Entries provided Start Marker

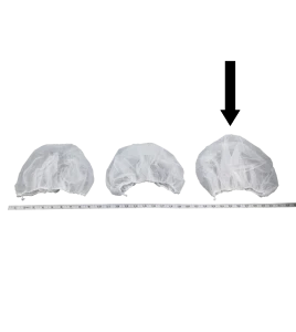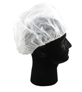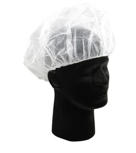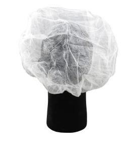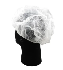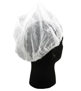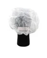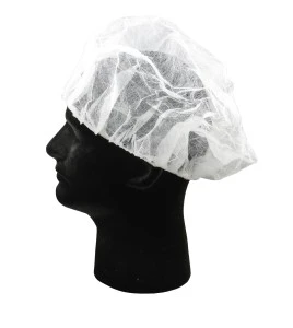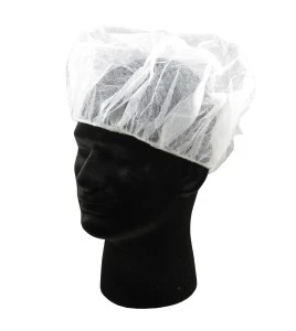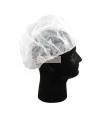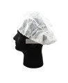 Bonnet à cheveux blanc fait de polypropylène non-tissé, grandeur 24 po, vendus en paquet de 100, 10 paquets par caisse. Utilisé dans le domaine de l'alimentation ou pharmaceutique. Produit jetable après usage.
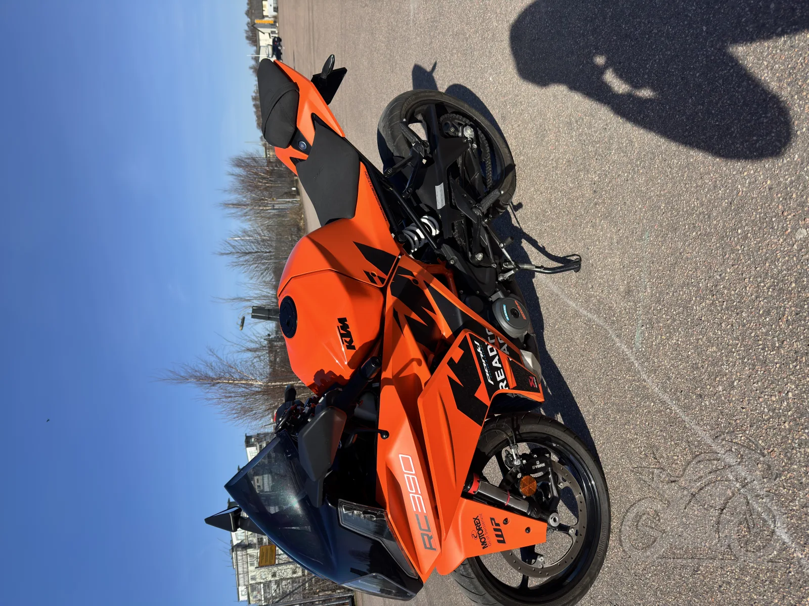 Detta är GP-versionen. Vilket ger motorcykeln en unik och mycket snygg färgkombo! Ska påminna om KTM:s banracinghojar
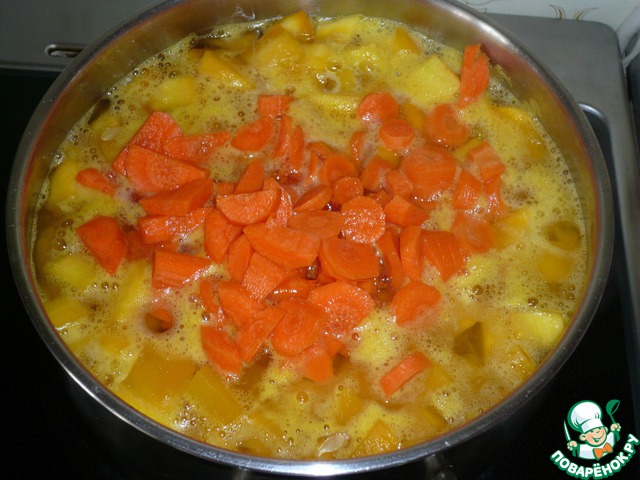 Тыкву и морковку кладем в кастрюлю и заливаем водой так, чтоб еще осталось место для молока и сырков. На фото я перелила водички, потом пришлось отливать пару кружек. Как говорится, все познается со временем, в следующий раз буду меньше наливать воды. Варим наши овощи, пока они не станут мягкими, чтобы потом их было легко пюрировать блендером.
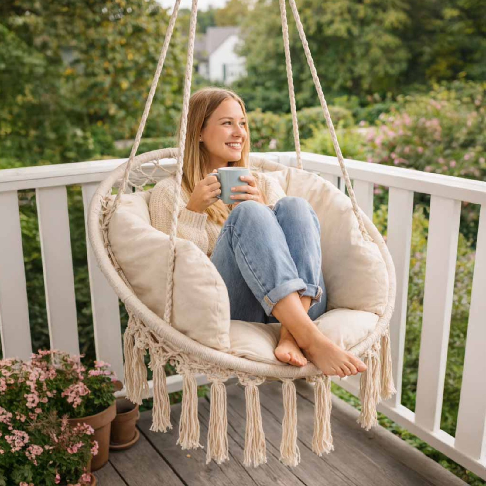 Culoarea ecru si stilul minimalist transforma acest leagan intr-un element decorativ elegant, usor de integrat in orice tip de amenajare. Se potriveste perfect in interioare moderne, dar si in spatii exterioare precum gradini, terase sau balcoane.
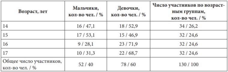 В исследовании принимали участие 130 подростков (52 лица мужского пола и 78 лиц женского пола) в возрасте от 14 до 17 лет. Все реципиенты являются учениками 9–11 классов средних общеобразовательных школ г. Москвы. По возрастным группам участники распределились следующим образом: 14 лет — 34 подростка (18 девочек и 16 мальчиков), 15 лет — 32 подростка (15 девочек и 17 мальчиков), 16 лет — 32 подростка (23 девочек и 9 мальчиков), 17 лет — 32 подростка (22 девочки и 10 мальчиков). Все испытуемые живут в полных семьях.
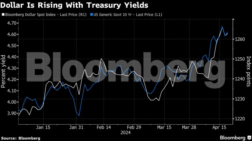 Καθώς οι αγορές μειώνουν τα στοιχήματα για χαλάρωση της Fed, οι αποδόσεις των κρατικών ομολόγων έχουν εκτοξευθεί και πάλι τις τελευταίες εβδομάδες, στέλνοντας τις αποδόσεις των τίτλων αναφοράς κοντά στο 5%. Η άνοδος αυτή αποτέλεσε σημαντικό παράγοντα της ελκυστικότητας του δολαρίου, το οποίο επωφελήθηκε επίσης από τις αδιάκοπες εισροές σε αμερικανικές μετοχές εν μέσω της φρενίτιδας για την τεχνητή νοημοσύνη.
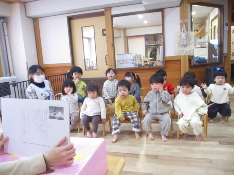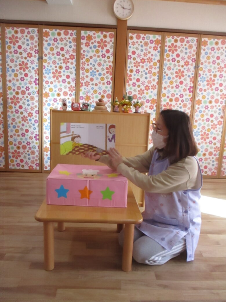 「あけましておめでとうございます。」の新年の挨拶についての内容の絵本を読み聞かせています📚
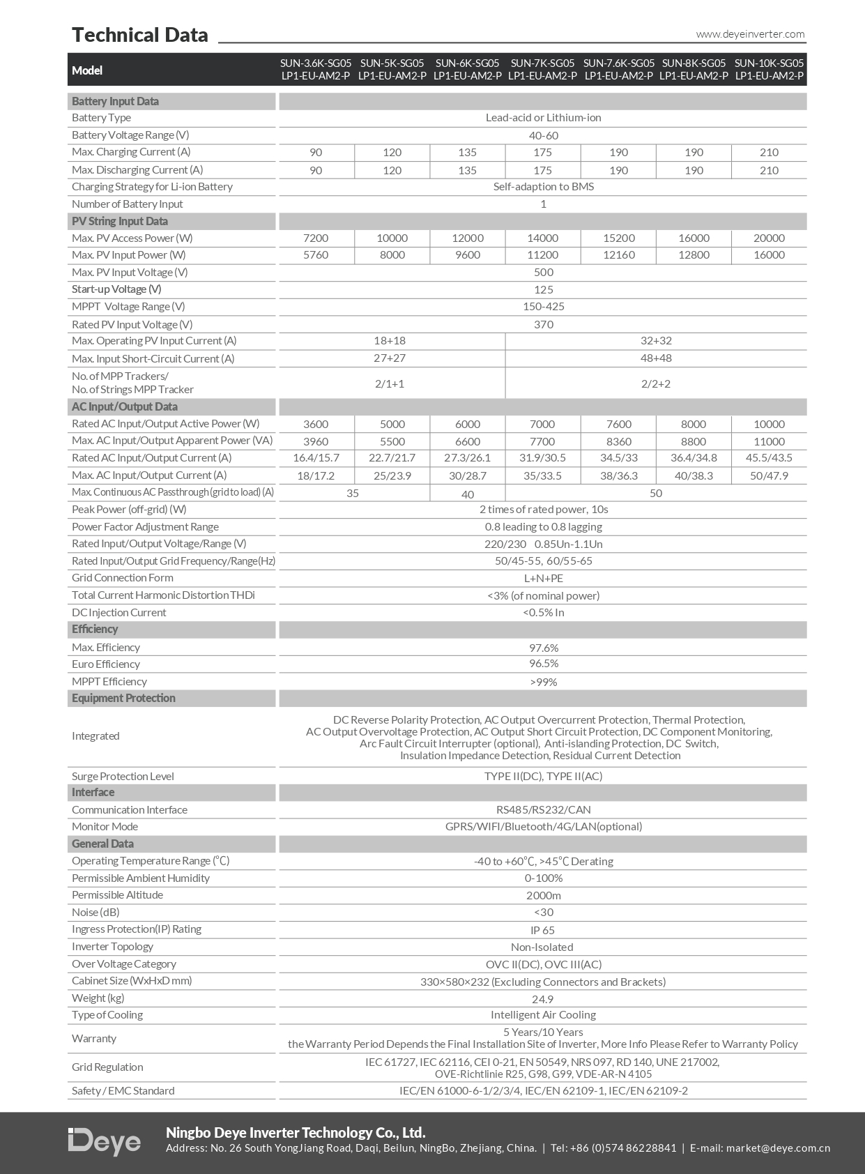 DEYE Falownik hybrydowy SUN-3.6K-SG05LP1-EU-AM2-P 1-fazowy
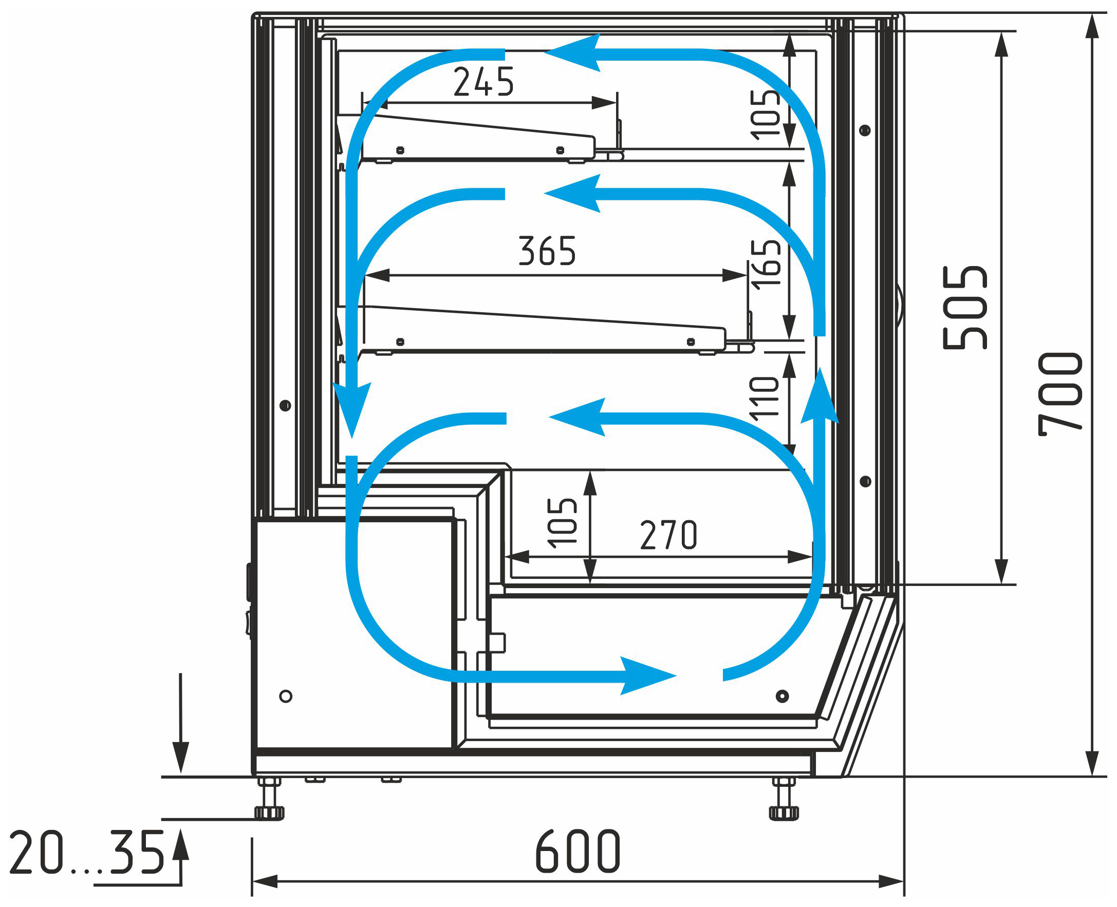 Каталог оборудования Холодильное оборудованиеВитрины настольныеВитрина холодильная настольная Carboma AC59 VM 1,2-1 (слайдер) (0430) Витрина холодильная настольная Carboma AC59 VM 1,2-1 (слайдер) (0430) Код товара: 063-689 Поделиться: WhatsAppTelegram СравнитьДобавить в КПВ избранное 0 139 770 ₽ В корзину 0 шт Под заказСамовывоз сегодня бесплатно Взять в кредит Купить в лизинг Получить консультацию в WhatsApp Описание Характеристики Отзывы 0 Инструкции 2 Витрина холодильная настольная Carboma AC59 VM 1,2-1 (слайдер) (0430) — это универсальная охлаждаемая витрина для демонстрации и кратковременного хранения кондитерских изделий, десертов, салатов и напитков. Идеально подходит для небольших кафе, баров и заведений общественного питания. Модель оснащена закалёнными боковыми стеклопакетами, раздвижными фронтальными и задними дверцами, а также двумя охлаждаемыми полками-решётками с ограничителями. Может устанавливаться на столешницу или встраиваться в барную стойку. Корпус выполнен из стали с ППУ-теплоизоляцией, а рабочая поверхность — из нержавеющей стали. Ключевые особенности: Динамическая система охлаждения — равномерное распределение температуры Компрессор европейского производства — высокая надёжность Электронный блок управления Carel — точный контроль температурного режима Выпариватель конденсата — исключает необходимость ручного слива Возможность установки полок под углом 5° — улучшенная презентация Фронтальные и задние раздвижные дверцы — удобный доступ с обеих сторон Боковая LED-подсветка — подчёркивает структуру десертов и изделий Современный кубический дизайн — стильный внешний вид Регулируемые ножки-опоры — устойчивость на любых поверхностях Настольное или встраиваемое размещение — гибкость установки Стабильный температурный режим — для безопасного хранения продуктов Глубина нижней зоны выкладки: 270 мм Глубина полок: 365 мм (верхняя) / 245 мм (нижняя) Длина нижнего поддона: 1166 мм Максимальная высота выкладки продуктов: нижний поддон — 150 мм, полки — 100 мм Максимальная нагрузка на полку: верхняя — 14 кг, нижняя — 21 кг. Температура окружающей среды: от 12 до 25 °C Относительная влажность воздуха: до 60% Carboma AC59 VM 1,2-1 (слайдер) (0430) — это надёжная и эргономичная охлаждаемая витрина с удобным доступом с обеих сторон, которая обеспечит качественную демонстрацию и сохранность продукции в кафе, барах и точках продаж.Изображение товара, представленного на фото, может отличаться от его фактического вида. Показать все Габаритные размеры1200×600×735 ммДиапазон рабочей температурыот +4 до +10 °CДлина1200 ммГлубина600 ммВысота735 ммРазмещениеГоризонтальная Площадь выкладки1,0 м²Полезный объем витрины0,12 м³Тип охлажденияДинамическое Климатический класс3 ХладагентR290, R600a Напряжение220 ВЭнергопотребление в сутки0,5 кВтКоличество полок2 штГабариты в упаковке1350×750×890 ммВес нетто107 кгВес брутто118 кгБрендПолюсВсе витрины настольные CarbomaВсе холодильные настольные витриныВсе стеклянные настольные витрины Оставить отзыв Еще никто не оставил отзыв на этот товар Брошюра на Carboma AMRA AC59 VM.pdfСхема Carboma AMRA AC59 VM 1,2-1 Slider.jpg Похожие товары Перейти в каталог Под заказ 205 283 ₽ Витрина кондитерская Chilz VETE OFT 130 белый глянец, шлифованная нержавейка В наличии 126 370 ₽ Витрина кондитерская МХМ Veneto VS-1,3 крашенная Под заказ 161 500 ₽ Витрина кондитерская Carboma KR70 VM 0,6-2 Standard (9005-0109) открытая горка Под заказ 173 600 ₽ Вит
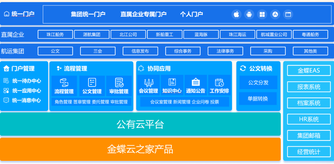 作為大型綜合性國企,廣東航運集團現(xiàn)有直屬企業(yè)8家,擁有全資、控股、參股及代理水路客運港口13家,經(jīng)營和管理96艘粵港澳高速客船。伴隨經(jīng)營規(guī)模的發(fā)展、技術(shù)迭代、應(yīng)用場景深入,其信息化需要一個可以覆蓋集團協(xié)同應(yīng)用場景的綜合辦公平臺,而集團原有的OA已經(jīng)無法滿足航運的持續(xù)發(fā)展需要。

Entries provided End Marker

▸ Description of the task:
The answer should consist only of the lines above from the one with "Καθώς οι αγορές" through the one with "DEYE Falownik hybrydowy", repeated exactly, with no pictures among them.

▸ Your solution:
 Καθώς οι αγορές μειώνουν τα στοιχήματα για χαλάρωση της Fed, οι αποδόσεις των κρατικών ομολόγων έχουν εκτοξευθεί και πάλι τις τελευταίες εβδομάδες, στέλνοντας τις αποδόσεις των τίτλων αναφοράς κοντά στο 5%. Η άνοδος αυτή αποτέλεσε σημαντικό παράγοντα της ελκυστικότητας του δολαρίου, το οποίο επωφελήθηκε επίσης από τις αδιάκοπες εισροές σε αμερικανικές μετοχές εν μέσω της φρενίτιδας για την τεχνητή νοημοσύνη.
 「あけましておめでとうございます。」の新年の挨拶についての内容の絵本を読み聞かせています📚
 DEYE Falownik hybrydowy SUN-3.6K-SG05LP1-EU-AM2-P 1-fazowy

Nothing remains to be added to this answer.